On Wednesday 28 July 2004 19:29, T Ullas wrote:
I do not know what is meaning of omnidirectional broadcast. Actually the server and client will be both be communicating and that is bidirectional, correct me if i am wrong.
Pleeease first get your terminology correct. What server client are u talking about??? you want to implement a physical medium for providing connectivity full stop. That is the same as sticking a wire between two points - no server no client. On top of this wire you want to put some protocol to prevent simultaneous transmissions (collision) signal strength, error handling etc this is achieved by using software which implements the 802.11 standards. The 'wire' and the software together constitute an access point.
You also need to read some basic radio and antenna stuff before even thinking of messing around with broadband on a medium which was never meant to operate outside your four walls. But just to increase the snr of this mail omnidirectional means all points of the compass and refers to physical area. Bidirectional means two way and the 'direction' in bidirection is misleading. The correct terminology for what u are trying to say is full duplex. No, wi fi connections are not full duplex. They are half duplex. That's because the transmit and recieve antennas and the transmit and recieve frequencies are in such close proximity that the reciever will be totally saturated with it's own transmission.
No i am not going to be a ISP. Project need to be a community project just like HAM radios, but in 2.5 Gz range
There is no provision for HAM ISPs. Well most of are isps are real ham handed anyways.
No moon bounce will be very slow. It take off the fun of multimedia Internet.

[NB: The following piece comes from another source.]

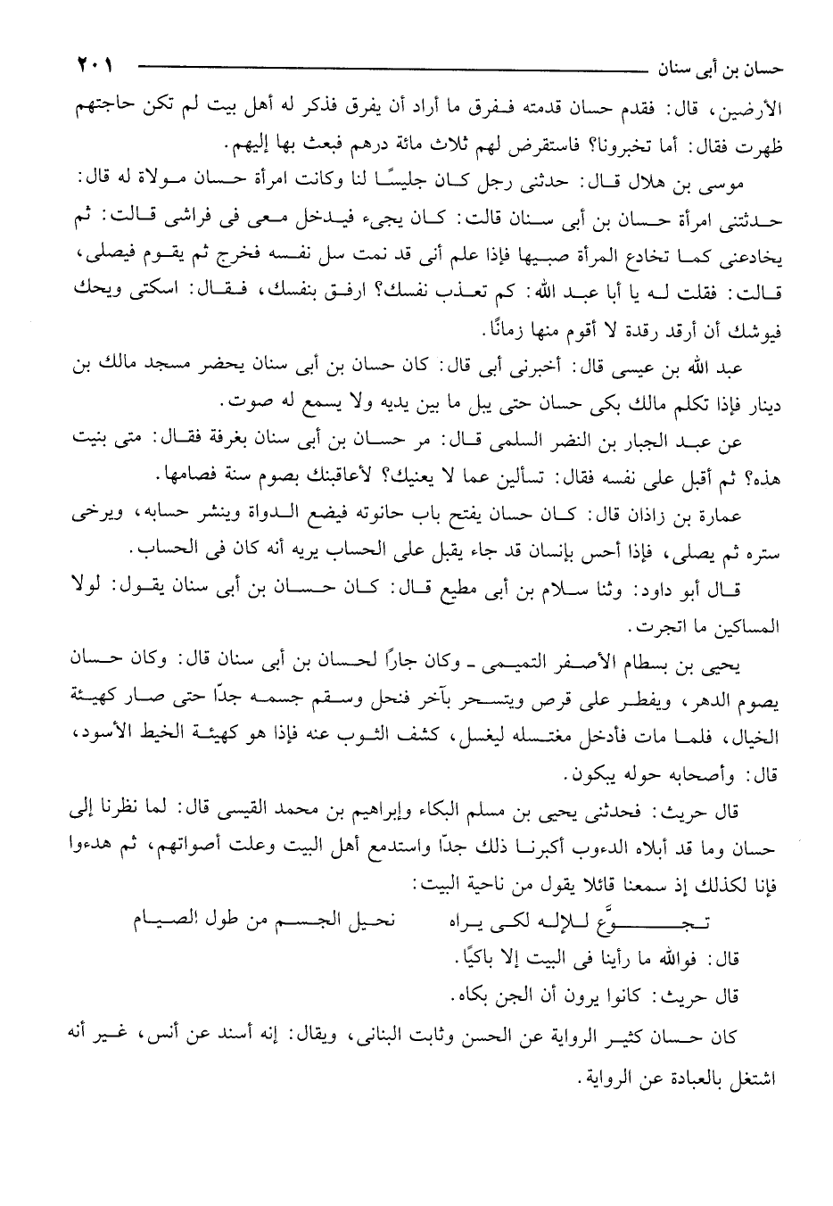 موسى بن هلال قال: حدثني رجل كان جليساً لنا وكانت امرأة حسان مولاة له قال: حدثتني امرأة حسان بن أبي سنان قالت: كان يجيء فيدخل معي في فراشي، قالت: ثم يخادعني كما تخادع المرأة صبيها فإذا علم أني قد نمت سل نفسه فخرج ثم يقوم فيصلي، قالت: فقلت له يا أبا عبد الله: كم تعذب نفسك؟ أرفق بنفسك، فقال: اسكتي ويحك فيوشك أن أرقد رقدة لا أقوم منها زماناً.

Jeez that was supposed to be humour. Any ways moon bounce is not slow, particularly when compared to our internet access. Multimedia on wifi?? do please read a lot before sticking your neck on this one. An mpeg4 video requires a peak BW of 7Mbps and latency of 2 to 3 mS. Not to mention very error free medium. At best u could broadcast a single video in a room. So perish the thought of multimedia "experience". U could try OFDM which would give you 45Mbps. But the cost would be so prohibitive that u are better off distributing dvds.